### RECORDS FOR THIS TASK
Start of Block
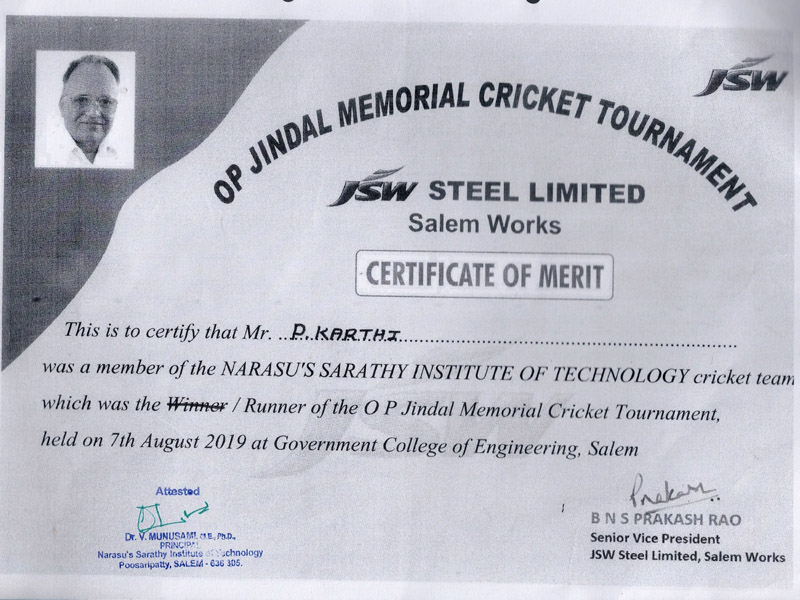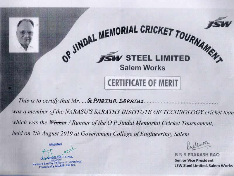 G.PARTHASARTHI OP Jindal Memorial Cricket Tournament
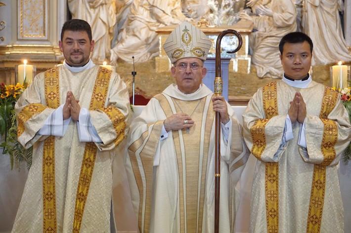 El Obispo de la Diócesis Segorbe-Castellón, Casimiro López, ha ordenado a dos nuevos diáconos: David Escoín Rubio y Francisco Javier Phuc Pham Van, de los seminarios Mater Dei y Redemptoris Mater respectivamente. En la celebración, que ha tenido lugar en la parroquia de la Asunción de Onda, han participado unas 600 personas y medio centenar de sacerdotes, que han concelebrado junto al Obispo.
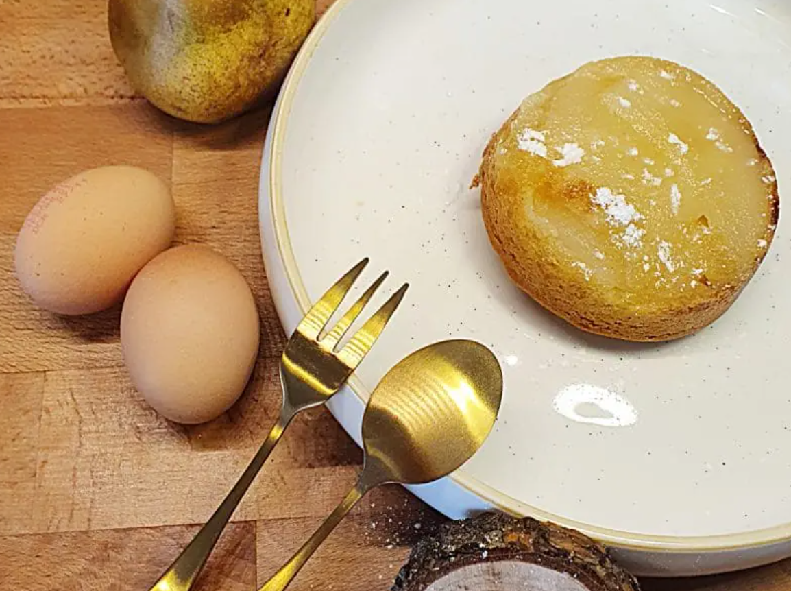 11 - Verser la pâte réservée sur les poires dans chaque empreinte.
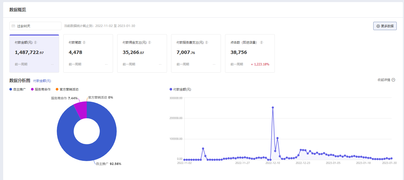 ▲店鋪后臺(tái)銷售數(shù)據(jù),由火蝠電商提供
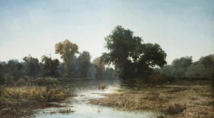 RAU, Otto (* 1856 Dresden). Early spring landscape at dusk.
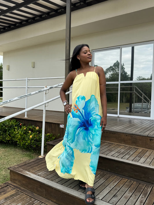 Vestido Amarelo com Estampa Floral Azul
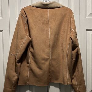 Preowned jacket. Has a couple stains but no rips. Microsuede or suede not sure of material type but very soft. Functioning zipper. Lightweight.
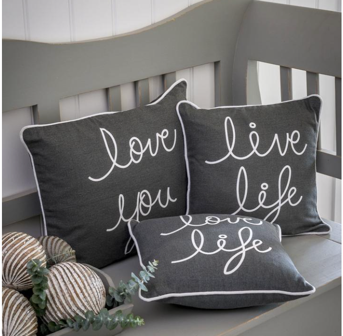 Beautiful cushions with lovely quotes on them and easy to style up in any home. Makes a lovely gift to express your love to someone, that will make them smile. Grey Flour sacking cushion piped and printed in white.
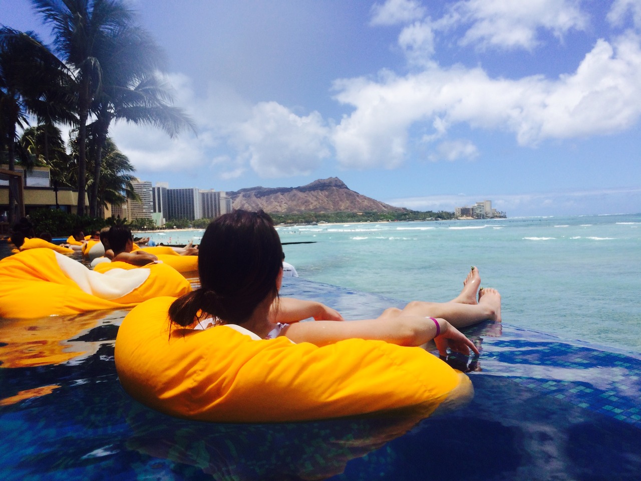 プールからの景色は申し分なく、綺麗な海越しに見えるダイヤモンドヘッドは、ハワイに来たーーーー!!!!
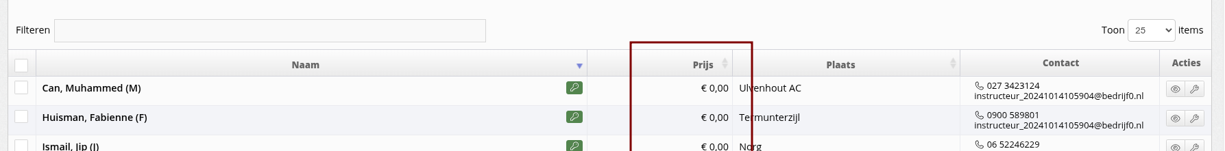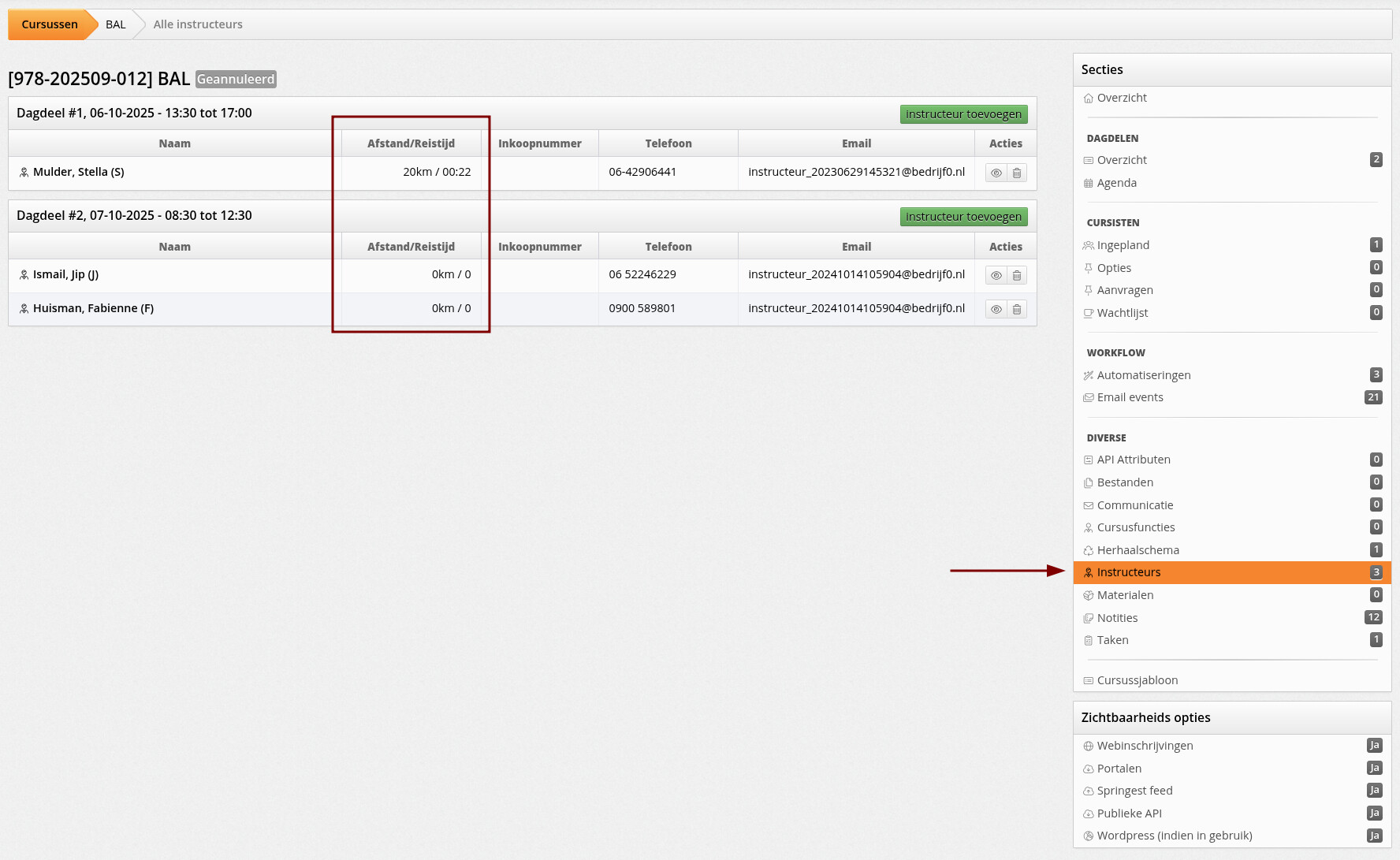 Bij ingeplande instructeurs onder een cursus/dagdeel
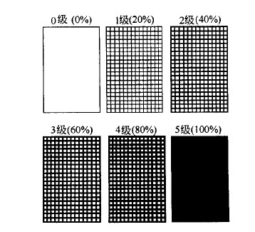 林格曼煙氣濃度圖是 19 世紀(jì)末法國(guó)的林格曼提出的。這種方法是把圖放置在適當(dāng)?shù)奈恢蒙?,使圖上的黑度與煙氣的黑度(或不透光度)相比較,憑視覺(jué)進(jìn)行評(píng)價(jià)。在工業(yè)爐窯大氣污染物排放標(biāo)準(zhǔn)中,排放限制(除非金屬焙燒爐窯外)為煙氣黑度不大于 1 級(jí)。林格曼圖有多種規(guī)格,通用標(biāo)準(zhǔn)形式是由 14c m ×21cm 的黑度不同的 6 小塊組成。除全白與全黑塊 2 外,其他 4 塊是在白色背底上畫上不同寬度的黑色條格。根據(jù)黑色條格在整修小塊中所占的面積的百分?jǐn)?shù)分成 0-5 的林格曼級(jí)數(shù): 0 級(jí)是全白, 5 級(jí)是全黑, 1 級(jí)是黑色條格占整塊面積的 20% , 2 級(jí)占 40% ,以此類推,如圖
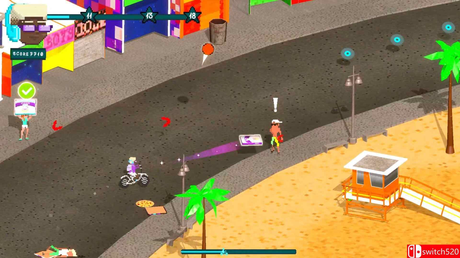 《送餐小子》是一款动作冒险类(ACT)游戏,《送餐小子》是一款复古街机风格的动作游戏:将 1980 年代经典的报纸派送游戏与 2020 年代的外卖送餐服务结合起来。玩家骑着自行车穿梭城市街道,投掷披萨完成精准送达,同时击败愤怒的顾客,以获取更高得分并解锁新的城市与挑战。switch520
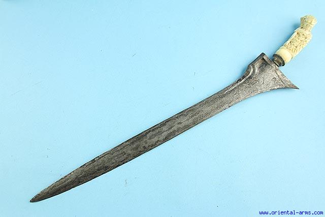 Up for sale is this fine keris dagger, Java, Indonesia. Early 20C. Good classical pamor blade 15 ½ inches long. Very finely and elaborately carved ivory grip of styled devil head (Raksasa). Silver mendak. Total length 19 ½ inches. Very good condition. No scabbard. |
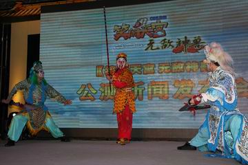 现场免费赠送的游戏资料和电子礼品均被一抢而空。众多玩家们都在试玩区争相感受《笑闹天宫-无敌神兽》最新更新的神兽系统,其威武的外观以及强大的实力都不乏成为人们尝试的主要对象。而模型合影区更有突现会场的两位cosplay超美女玩家,其专业的装束当之无愧成为了众多玩家的焦点,可见她们对本游戏的热爱之疯狂。整个发布会的过程还穿插了许多颇具观赏性的表演节目。特别是精彩的《闹天宫》表演,将气氛带入了一个小高潮,其表演环节安排得专业而紧凑,得到了与会人士的一致赞许。
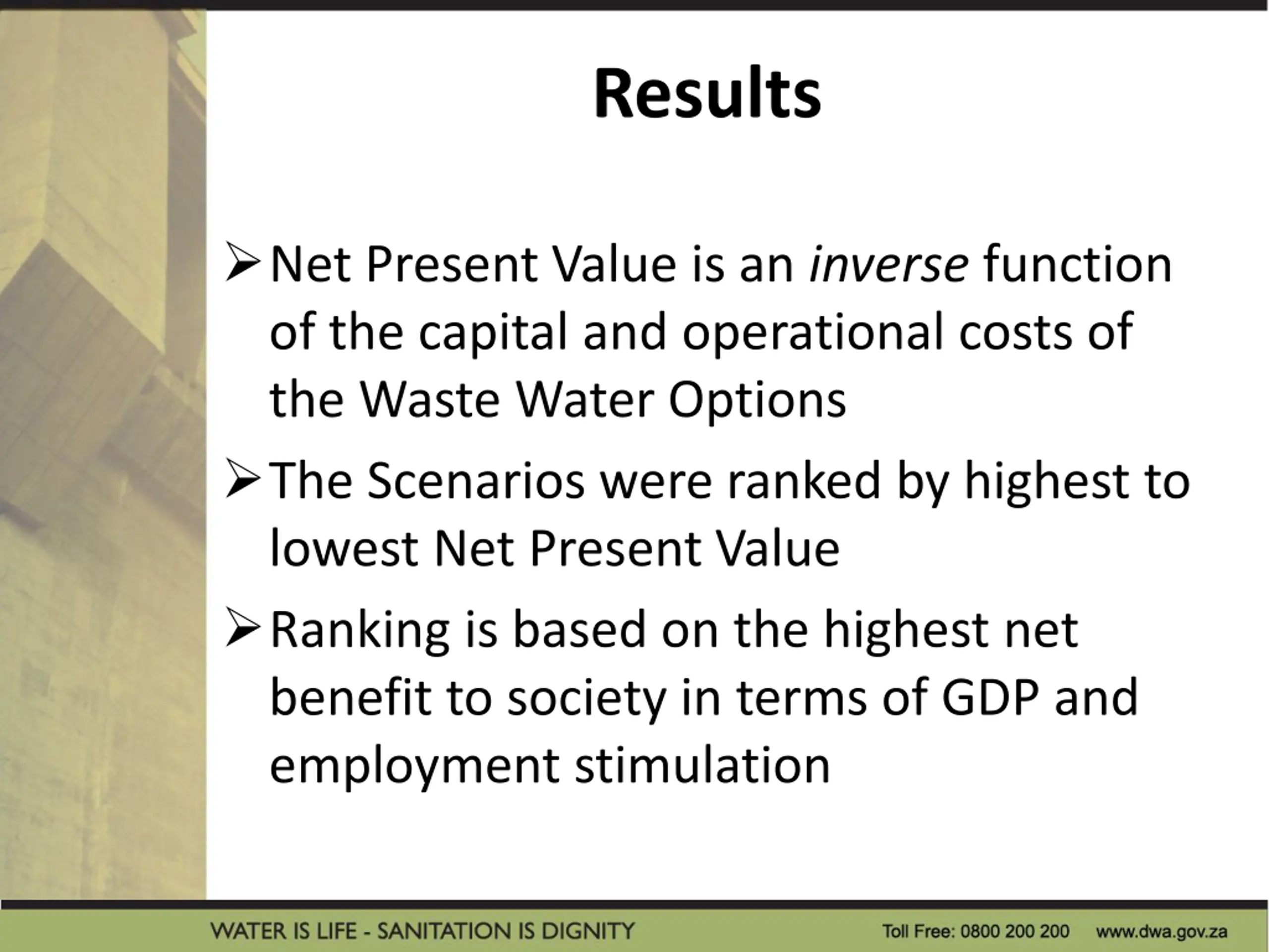 Results Net Present Value is an inverse function of the capital and operational costs of the Waste Water Options The Scenarios were ranked by highest to lowest Net Present Value Ranking is based on the highest net benefit to society in terms of GDP and employment stimulation
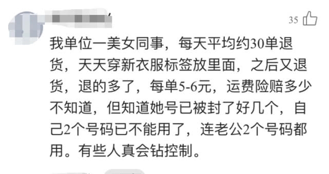 这样久而久之,退的太多了,不仅每单运费险能赚个2-3块,还能天天穿新衣服,但是这样操作久了,她的号已经被封了好几个了,听说她老公的两个号也被她拿来这样使用,也被封了,现在到处去找同事借淘宝号买东西,大家都不愿意借给她。
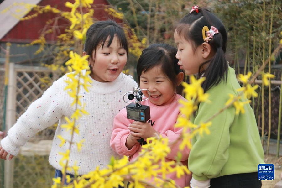 1/03月22日,在山東省高密市密水街道中心幼兒園,小朋友在體驗使用輕風表。(新華社發(fā) 李海濤/攝)
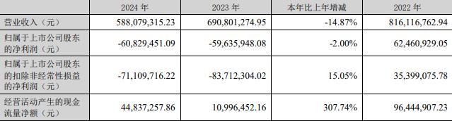 据公司2024年年报,报告期内,公司实现营业收入5.88亿元,同比减少14.87%;归属于上市公司股东的净利润-6082.95万元,2023年为-5963.59万元;归属于上市公司股东的扣非净利润为-7110.97万元,2023年为-8371.23万元;经营活动产生的现金流量净额为4483.73万元,同比增长307.74%。
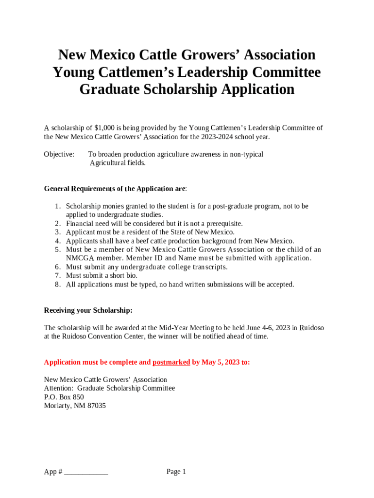The Cattle Growers' to offer Purina Mills Scholarships is a document that can be filled-out and signed for specific needs. Next, it is provided to the exact addressee to provide specific details and data. The completion and signing may be done manually or via a suitable tool like PDFfiller. These applications help to send in any PDF or Word file online. It also allows you to customize it depending on the needs you have and put an official legal electronic signature. Once you're good, you send the Cattle Growers' to offer Purina Mills Scholarships to the respective recipient or several of them by email or fax. PDFfiller has a feature and options that make your document of MS Word extension printable. It has a number of options for printing out. It doesn't matter how you'll send a form after filling it out - physically or electronically - it will always look neat and organized. To not to create a new file from the beginning again and again, turn the original document into a template. After that, you will have an editable sample.
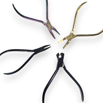 Our set will make loops, rings, S, C, Z, L and just about any other shape. Set bends strip stock up to 1/32 inch thick and wire up to 3/32 inch. The strange looking plier at the top of the photo will even bend hardened music wire. Made of polished stainless steel with box joints that keep jaws in alignment. Orthodontists use these and pay about $41.00 each from dental supply houses. We buy directly from the manufacturer. The result is a set of incredibly useful, well-made tools at a great price.
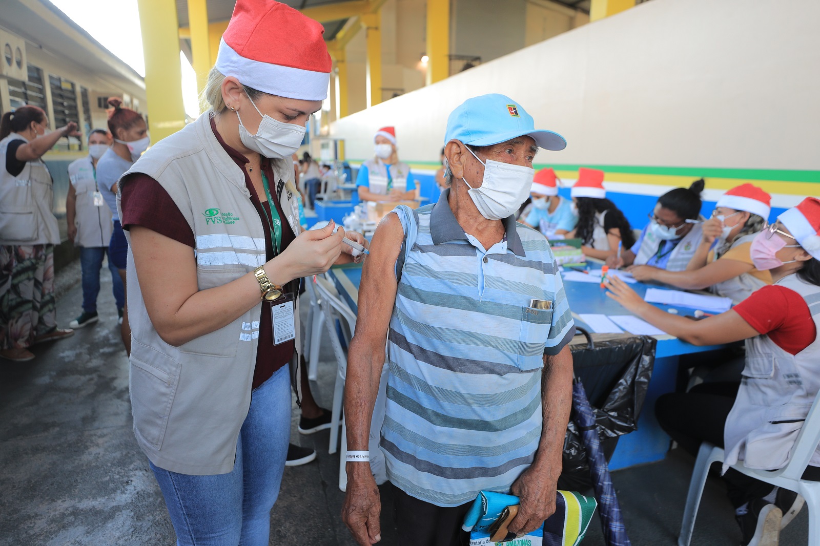 Como estratégia para ampliar a cobertura vacinal contra a Covid-19 em Manaus, o Governo do Amazonas levou equipes de vacinadores para o Parque São Pedro e para o conjunto Cidadão 10, no Tarumã, zona oeste da capital; que receberam ações do programa Peixe no Prato, nesta quarta-feira (22/12). Ao todo, 549 pessoas foram vacinadas em quatro horas, no Colégio Militar da Polícia Militar (CMPM) III – Escola Estadual Waldocke Fricke de Lyra; e na Escola Estadual Karla Patrícia Barros de Azevedo.
End of Block
### EXERCISE DETAILS
Using the data above, set down each line from the line with "Preowned jacket. Has" to the line with "Bij ingeplande instructeurs" exactly, both ends included, and leave the pictures behind. Nothing else belongs.

### YOUR SOLUTION
 Preowned jacket. Has a couple stains but no rips. Microsuede or suede not sure of material type but very soft. Functioning zipper. Lightweight.
 Beautiful cushions with lovely quotes on them and easy to style up in any home. Makes a lovely gift to express your love to someone, that will make them smile. Grey Flour sacking cushion piped and printed in white.
 プールからの景色は申し分なく、綺麗な海越しに見えるダイヤモンドヘッドは、ハワイに来たーーーー!!!!
 Bij ingeplande instructeurs onder een cursus/dagdeel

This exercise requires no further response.